Congress was unable to pass a final budget for the 2022 fiscal year without the pro-life riders, and Biden finally signed into law an omnibus bill in March of this year that included the protections.

In addition to Hyde, the other pro-life riders the ERLC urged congressional leaders to approve in final spending legislation include the:

— Weldon Amendment, which has barred since 2004 funding for government programs that discriminate against health-care individuals or institutions that object to abortion.

— Helms Amendment, a rider first approved in 1973 prohibits foreign aid funds from being used for abortion as a method of family planning.

— Dornan Amendment, which was first adopted in 1988 and has barred in most of the years since federal and congressionally approved local funds from paying for abortions in the District of Columbia.

— Smith Amendment, which has barred in nearly every year since 1984 federal employee health plans from paying for abortions.

In its 14-page explanation of concerns, the ERLC also objected to provisions that weaken or ignore the Kemp-Kasten Amendment, a 1985 measure that bans overseas family planning money from going to any organization that is involved in a program of forced abortion or sterilization.

In addition, the commission protested a prohibition on reinstituting the Mexico City Policy, first instituted by President Reagan in 1984. Biden rescinded the policy, which bars organizations from receiving federal funds unless they agree not to perform or promote abortions internationally.
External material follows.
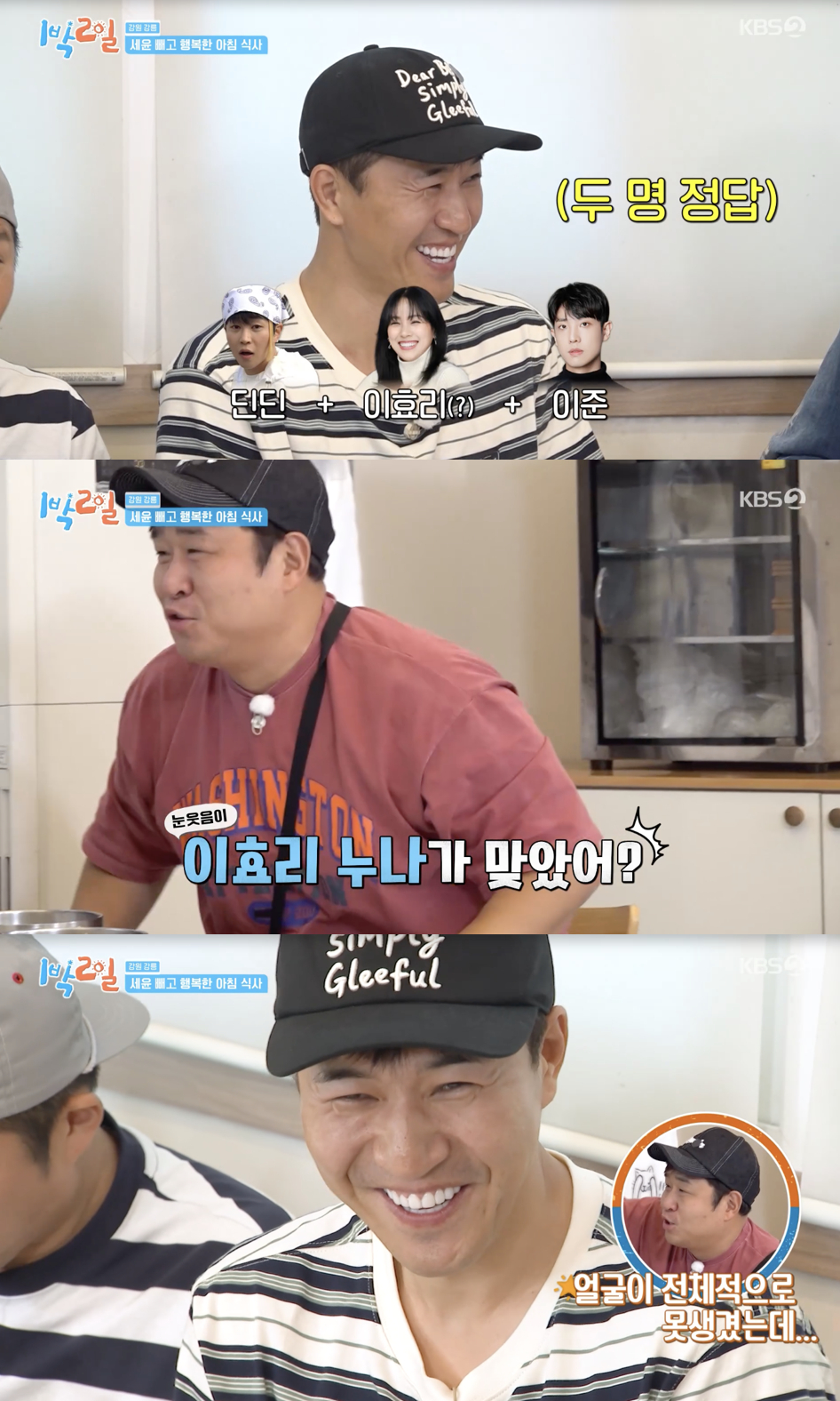 이날 멤버들은 잠자리 복불복을 걸고 '눈썰미 인물 퀴즈'를 진행했다. 해당 게임은 사진에 합성된 3명의 인물을 맞히면 되는 게임이었다. 해당 게임에서 '패요(패배요정)'인 이준은 뛰어난 눈썰미로 우세를 보였다.

The ERLC also opposed a ban on funds from the Department of Health and Human Services for faith-based organizations, such as adoption and foster-care agencies, that decline to provide services to same-sex couples based on their religious convictions.

Among other concerns raised by the ERLC are the:

— Funding of additional research “promoting further adoption” of the lesbian, gay, bisexual, transgender and queer agenda.

— Mandate under the Title X family planning program that recipients offer abortion counseling and referrals.

— Requirement of federal prisons to transport pregnant inmates to abortion clinics.

Leatherwood’s letter and the document compiled by ERLC staff also went to the Democratic and GOP leadership of the Appropriations Committee in each chamber.